On October 20, 2025, AWS was again hit by a large-scale outage, causing many services to be down for an extended period. This incident once again highlighted the challenge of how to address the risks in a modern society where dependence on the cloud is deepening.
This article, keeping this recent outage in mind, looks back at past AWS Tokyo Region outages that had particularly significant impact and delves deeply into the lessons learned. It goes beyond a simple summary of incident reports to examine what these experiences question about system design and risk management in the cloud era.

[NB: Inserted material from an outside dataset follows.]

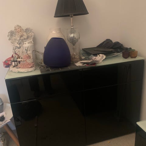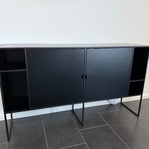 Sort Voice skænk i piano lak med tre låger og indvendige glas hylder. Skænken har glat, blank overflade og et enkelt, moderne udtryk. Velegnet til opbevaring i stue, spisestue eller entré, hvor der er behov for skjult opbevaring og en plan overflade til dekorationer eller belysning. Skænken har mørk glasplade monteret. Nypris 14.800,- købt hos Trend Bazaar.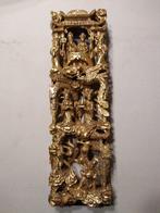 Panneau chinois en bois doré sculpté à la main dimensions : - hauteur: 43,5 cm - largeur : 12,5 cm - profondeur : 5 cm sculpté à la main dans du bois, doré sur le devant, le dos et les côtés peints ic

August 2019 AWS Tokyo Region Major Outage: The Day a Cooling Bug Broke Multi-AZ
The large-scale outage that occurred in the AWS Tokyo Region (ap-northeast-1) on August 23, 2019, confronted many developers and infrastructure engineers with the harsh reality that “Multi-AZ configurations are not infallible.”
Event and Cause
On the afternoon of August 23, 2019, numerous EC2 servers and their associated EBS volumes became unavailable within one Availability Zone (AZ) of the Tokyo Region.

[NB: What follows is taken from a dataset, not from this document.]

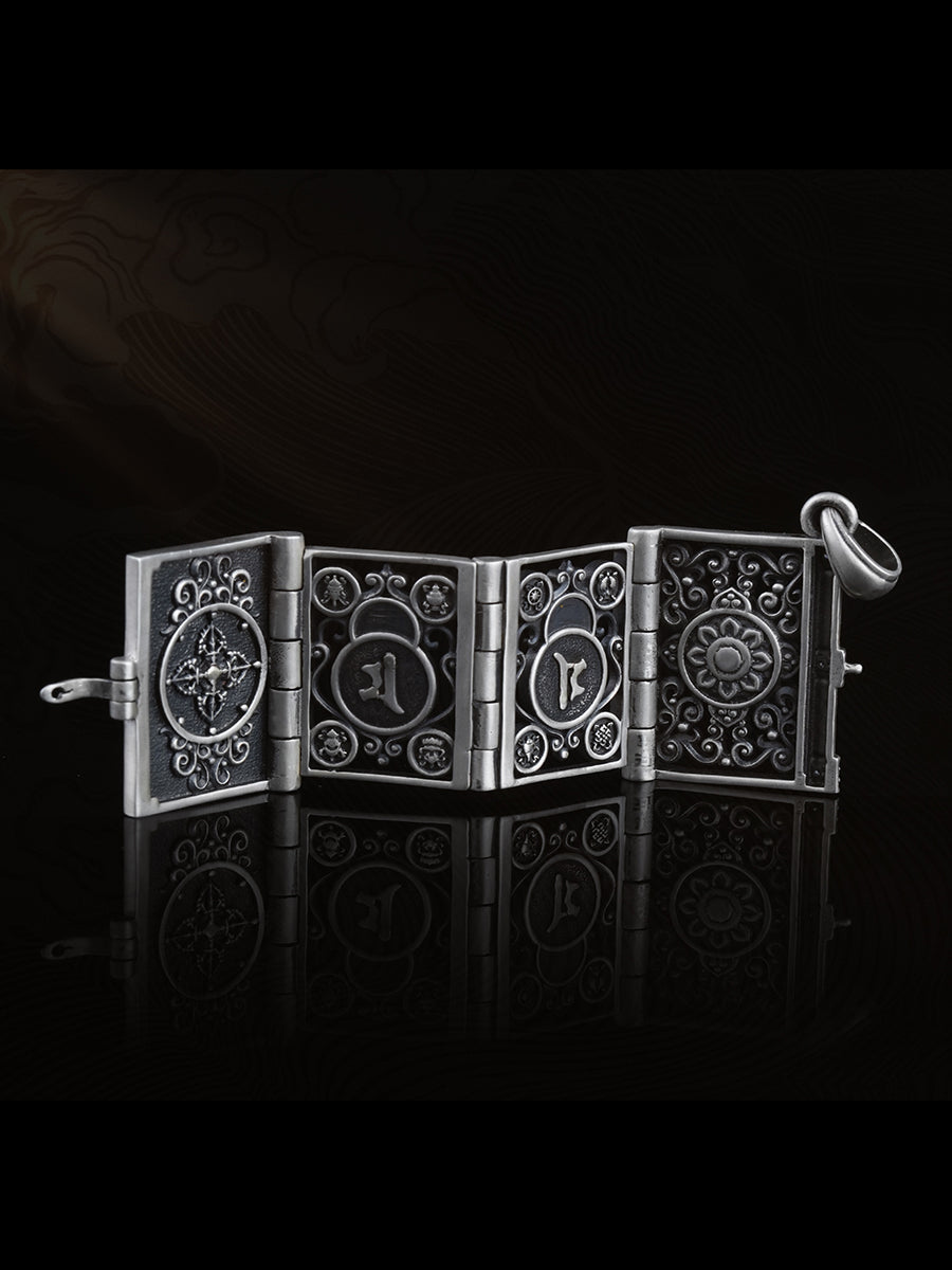 The Buddhist Scripture Silver Pendant represents the sacred teachings and wisdom of the Buddha, serving as a symbol of enlightenment, inner clarity, and divine protection. Its folding scripture design mirrors the purity and depth of spiritual practice, offering guidance and peace to the wearer. In Tibetan tradition, such scripture pendants are believed to carry blessings that dispel confusion, calm emotions, and attract positive energy. Handcrafted from sterling silver, each detail conveys reverence and tranquility, creating a powerful amulet for mindfulness, balance, and spiritual harmony in daily life.

According to AWS’s official announcement, the cause was a bug in the data center’s cooling control system. This bug reduced cooling capacity, causing server clusters to automatically shut down to prevent overheating. This was a physical equipment issue confined to a single AZ.

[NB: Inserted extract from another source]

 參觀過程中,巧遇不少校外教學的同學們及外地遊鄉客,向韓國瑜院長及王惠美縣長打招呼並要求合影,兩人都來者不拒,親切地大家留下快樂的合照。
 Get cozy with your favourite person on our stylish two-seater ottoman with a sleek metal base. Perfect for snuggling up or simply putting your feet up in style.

Impact: From Digital to Physical
This outage affected a wide range of services, from social games to enterprise core systems. Notably, its impact extended beyond the digital realm.
Impact on the Physical World: The Docomo Bike Share Case
A symbolic example was the suspension of Docomo Bike Share services. The shutdown of the authentication and management system running on AWS triggered the following chain reaction:
- Authentication and Control System Failure: The system managing bike rentals and returns became inoperable.
- Impeded Physical Movement: Even when users attempted to unlock bikes via the app, the system’s “unlock command” failed to reach the bikes’ smart locks.
- Paralysis of Social Infrastructure: Consequently, many users could neither rent bikes nor return bikes they were using, resulting in the physical impact of being cut off from their means of transportation.
This incident demonstrates how critical the cloud is as a lifeline for services that integrate with the physical world—such as smart locks, IoT devices, and mobility.